Guillaume Coutard, Cyril Hervy (Insee)

Entre 2015 et 2023, la part des projets de recrutement jugés difficiles augmente davantage dans les Pays de la Loire qu’au niveau national. Les besoins de main-d'œuvre sont de natures variées selon les territoires. Les difficultés de recrutement augmentent le plus à Beaupréau et Blain, bassins d’emploi à dominante rurale. Les recrutements deviennent très difficiles dans certains bassins d’emploi plutôt tournés vers l’industrie, comme celui des Herbiers. La plupart des bassins d’emploi les plus denses suivent la tendance régionale.
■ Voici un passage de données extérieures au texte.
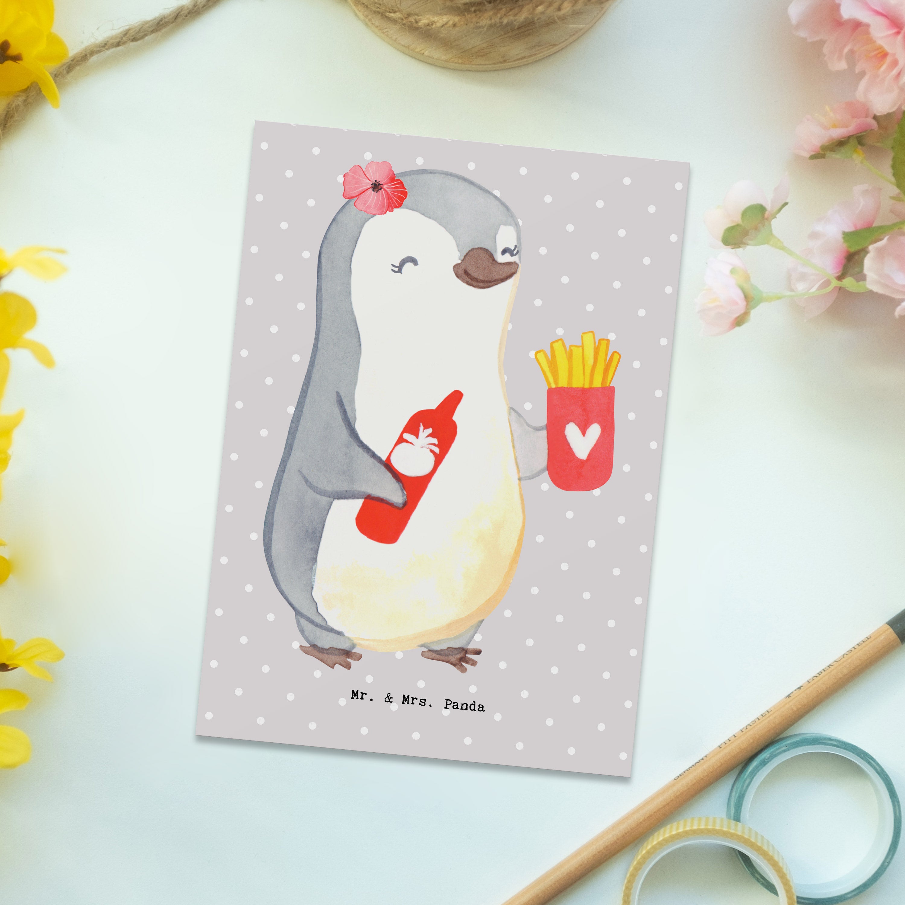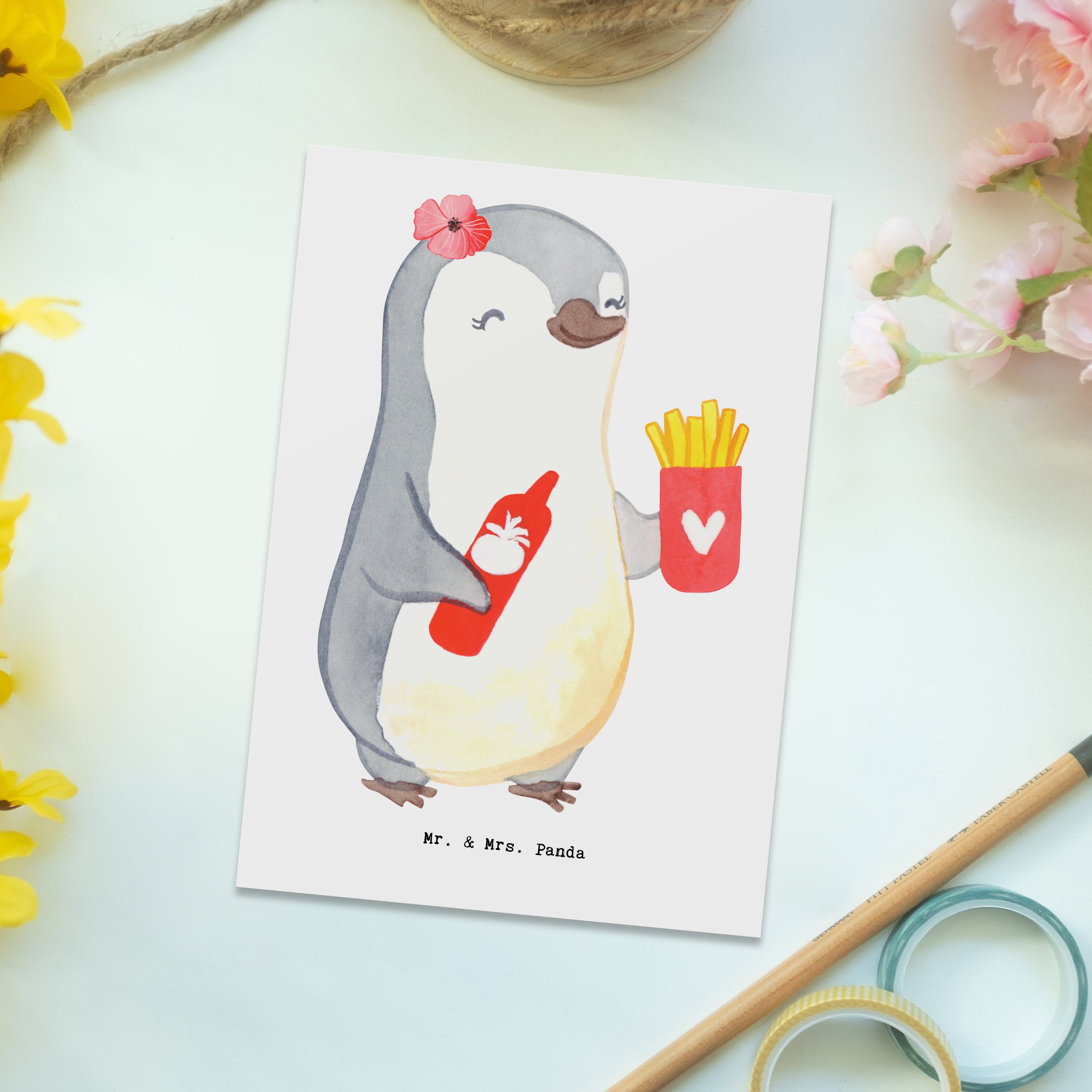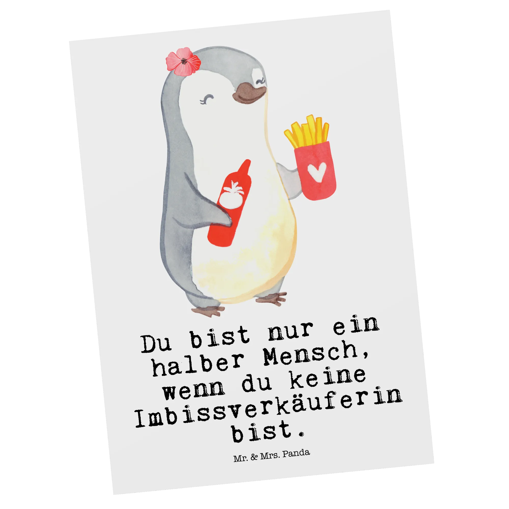 Pocztówka sprzedawczyni budki z przekąskami Serce - z napisem - biały

Insee Flash Pays de la Loire
No 146
Paru le :Paru le21/03/2024

Cette étude fait partie d'une série de publications sur Économies ligériennes et transitions.

En 8 ans, les difficultés de recrutement progressent davantage dans les Pays de la Loire

Dans les Pays de la Loire, les recrutements sont marqués par des difficultés croissantes. Ainsi, en 2023, parmi les 205 000 projets de recrutement anticipés (sources), 69 % sont considérés comme difficiles par les employeurs de la région, contre 37 % huit ans plus tôt. Ces difficultés de recrutement, souvent structurelles, mais aussi parfois amplifiées par les crises, possèdent une dimension territoriale.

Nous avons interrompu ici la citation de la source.